Brief Fact Summary. Plaintiff seeks backup computer files during a suit alleging retaliation from his filing a harassment suit against his boss.

 

Synopsis of Rule of Law. All parties have a duty to produce all discoverable evidence in a case. Courts prefer the marginal utility test is deciding who should bear the burden of the costs of production. The more relevant the material, the more likely the requesting party will not have to pay for that production.

 

Facts. McPeek is an employee of the Department of Justice (DOJ). Once he was given a promotion to the assistant director of a bureau under the department of Justice, he claims his boss, the then-director, had sexually harassed him for two years. McPeek filed a formal complaint and a settlement was reached. It required confidentially and McPeek’s transfer to another department. In this case McPeek, states that the agreement was not held confidential and that he received retaliatory actions against him in his new position. During discovery McPeek requested that back up computer files being offered. The Defendants argue this will be too costly to produce. This is because there is no system wide back up system. Each building has storage for files but it is to prevent damage for a system crash, not to preserve or archive these materials. There is no exact way to predict what will be found and what will be, as all emails of any particular employee are not all kept in these back up files. Also to make these files readable they will have to be restored which is where the cost comes from. To date the DOJ has refused to restore these backup files and runs the risk the judge will issue a jury instruction discussing there lack of cooperation.

 

 

Issue. Whether the defendant should be required to produce evidence that it will be costly to procure for the possibility of evidence.  

Held. Yes. The court deals with several issues, first there is no requirement that all data be granted under the discovery request, second who should have to pay for that request. The court states until we know for sure what the evidence will produce the parties can not adequately argue whether the burden of production is worthless. All parties to a civil action are required to produce all discoveries that are requested unless it is protected material. In some cases one party can argue if the cost is too unduly burdensome, that the requesting party be responsible for the production of the evidence.
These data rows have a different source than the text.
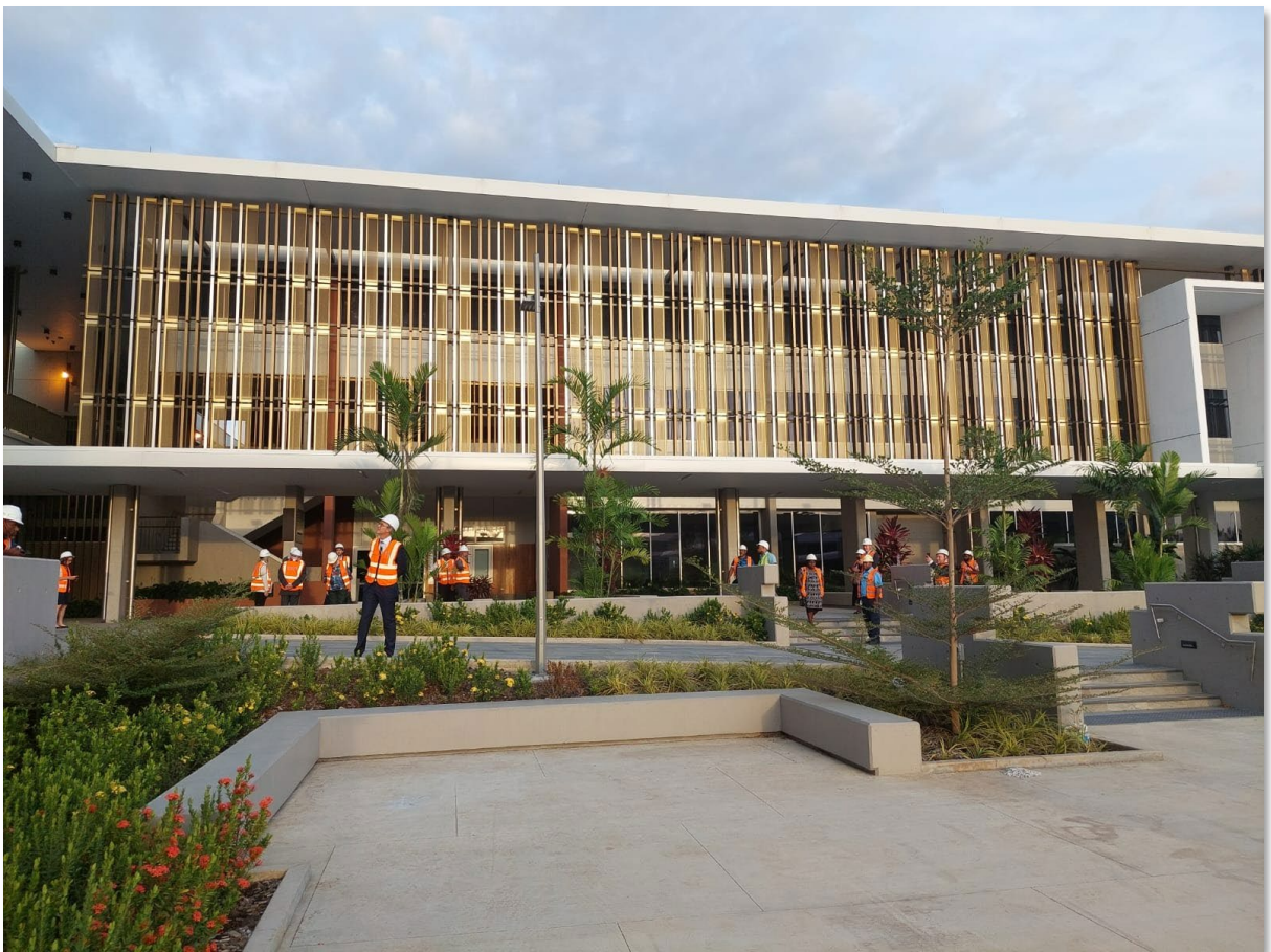
Tour of the new PNG Supreme Court precinct under construction
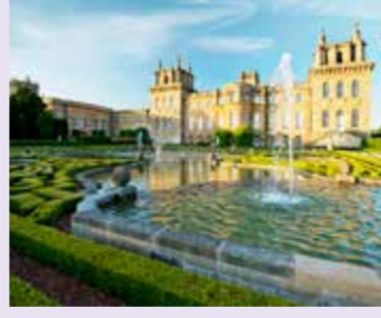
Blenheim Palace One of England's finest houses and a World Heritage Site, Blenheim Palace is the birthplace of Sir Winston Churchill and home to the 12th Duke of Marlborough.
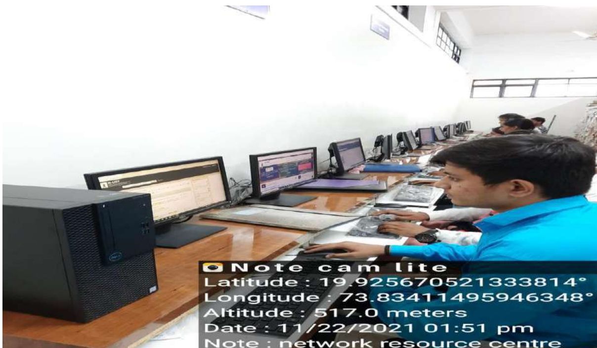
Network Resource Centre
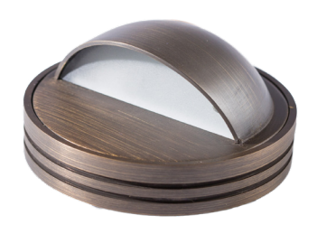
Cast Brass Eyelid (EYE-WB) Surface Mount Wall Sconce (Bi-Pin Lamp Sold Separately)
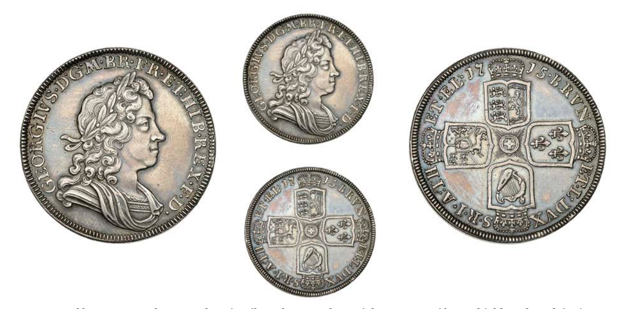
152 Pattern Halfcrown, 1715, by J. Croker, in silver, laureate bust right, rev. cruciform shields, edge plain (ESC 1549 [586]; S 3641). Cleaned at one time but now re-toned, scratched in obverse field and on edge and with some minor marks, otherwise about extremely fine, extremely rare £3,000-£4,000
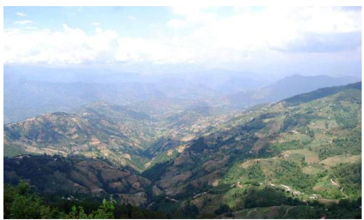
View from Nagarkot

Courts evaluate the cost of the production, the damages that are claimed and the resources available to all parties before sifting any discovery production to the requesting party under what is called the marginal utility test. The test balances how important the requested information is to the case to decide who should bear the burden. This court decided to have a test run. The Government was required to restore emails only for one employee, show how much it cost but also how much relevant evidence is produced.

Dissent.  

 

Concurrence.  

 

Discussion. The court states there are many theories. The market economic theory of document production states that if the requesting party is responsible for the costs, that party will not ask for anything more than it needs and will solve the issue. Many people feel a person will request everything in hopes of getting just what they want. The court does not find this approach fair.